## Required action
Lines after the one containing "Cut the champignons" are to be omitted; print exactly each line from the start of the records up to and including it.

Top of Supplied data

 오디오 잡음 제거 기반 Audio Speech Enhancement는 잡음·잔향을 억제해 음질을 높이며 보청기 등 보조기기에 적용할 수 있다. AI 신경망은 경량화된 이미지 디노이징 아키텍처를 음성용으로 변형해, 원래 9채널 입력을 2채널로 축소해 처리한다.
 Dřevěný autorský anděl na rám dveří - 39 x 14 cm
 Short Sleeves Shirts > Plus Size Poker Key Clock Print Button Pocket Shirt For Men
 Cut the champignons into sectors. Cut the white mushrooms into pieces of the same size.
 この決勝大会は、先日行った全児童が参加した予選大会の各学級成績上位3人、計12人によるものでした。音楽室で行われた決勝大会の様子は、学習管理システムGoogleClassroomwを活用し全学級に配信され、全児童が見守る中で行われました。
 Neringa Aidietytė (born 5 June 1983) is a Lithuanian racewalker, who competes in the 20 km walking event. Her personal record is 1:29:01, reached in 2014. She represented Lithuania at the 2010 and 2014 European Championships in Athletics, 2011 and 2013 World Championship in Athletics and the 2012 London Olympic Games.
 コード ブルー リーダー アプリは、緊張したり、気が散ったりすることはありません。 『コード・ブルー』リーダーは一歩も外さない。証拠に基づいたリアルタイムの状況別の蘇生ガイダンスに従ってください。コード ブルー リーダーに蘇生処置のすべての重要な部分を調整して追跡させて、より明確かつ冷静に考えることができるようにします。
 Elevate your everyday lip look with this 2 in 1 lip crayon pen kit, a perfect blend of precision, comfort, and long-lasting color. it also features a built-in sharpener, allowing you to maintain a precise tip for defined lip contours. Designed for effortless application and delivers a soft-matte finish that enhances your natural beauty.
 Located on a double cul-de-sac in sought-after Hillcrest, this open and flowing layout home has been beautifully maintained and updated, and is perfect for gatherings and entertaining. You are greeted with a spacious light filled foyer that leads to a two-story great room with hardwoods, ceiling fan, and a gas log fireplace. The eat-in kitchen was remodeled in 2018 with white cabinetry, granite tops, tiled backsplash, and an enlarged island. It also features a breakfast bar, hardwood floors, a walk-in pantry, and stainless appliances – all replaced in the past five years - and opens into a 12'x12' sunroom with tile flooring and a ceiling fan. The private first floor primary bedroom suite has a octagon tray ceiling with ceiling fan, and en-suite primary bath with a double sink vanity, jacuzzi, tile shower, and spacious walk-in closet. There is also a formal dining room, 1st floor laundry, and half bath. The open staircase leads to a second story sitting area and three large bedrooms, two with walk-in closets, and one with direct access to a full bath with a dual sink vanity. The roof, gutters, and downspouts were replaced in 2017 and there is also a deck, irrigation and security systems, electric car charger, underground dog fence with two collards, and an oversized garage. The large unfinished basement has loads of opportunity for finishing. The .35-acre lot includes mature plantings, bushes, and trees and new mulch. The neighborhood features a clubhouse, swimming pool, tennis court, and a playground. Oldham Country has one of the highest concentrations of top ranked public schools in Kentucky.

Bottom of Supplied data

## Solution to the exercise
 오디오 잡음 제거 기반 Audio Speech Enhancement는 잡음·잔향을 억제해 음질을 높이며 보청기 등 보조기기에 적용할 수 있다. AI 신경망은 경량화된 이미지 디노이징 아키텍처를 음성용으로 변형해, 원래 9채널 입력을 2채널로 축소해 처리한다.
 Dřevěný autorský anděl na rám dveří - 39 x 14 cm
 Short Sleeves Shirts > Plus Size Poker Key Clock Print Button Pocket Shirt For Men
 Cut the champignons into sectors. Cut the white mushrooms into pieces of the same size.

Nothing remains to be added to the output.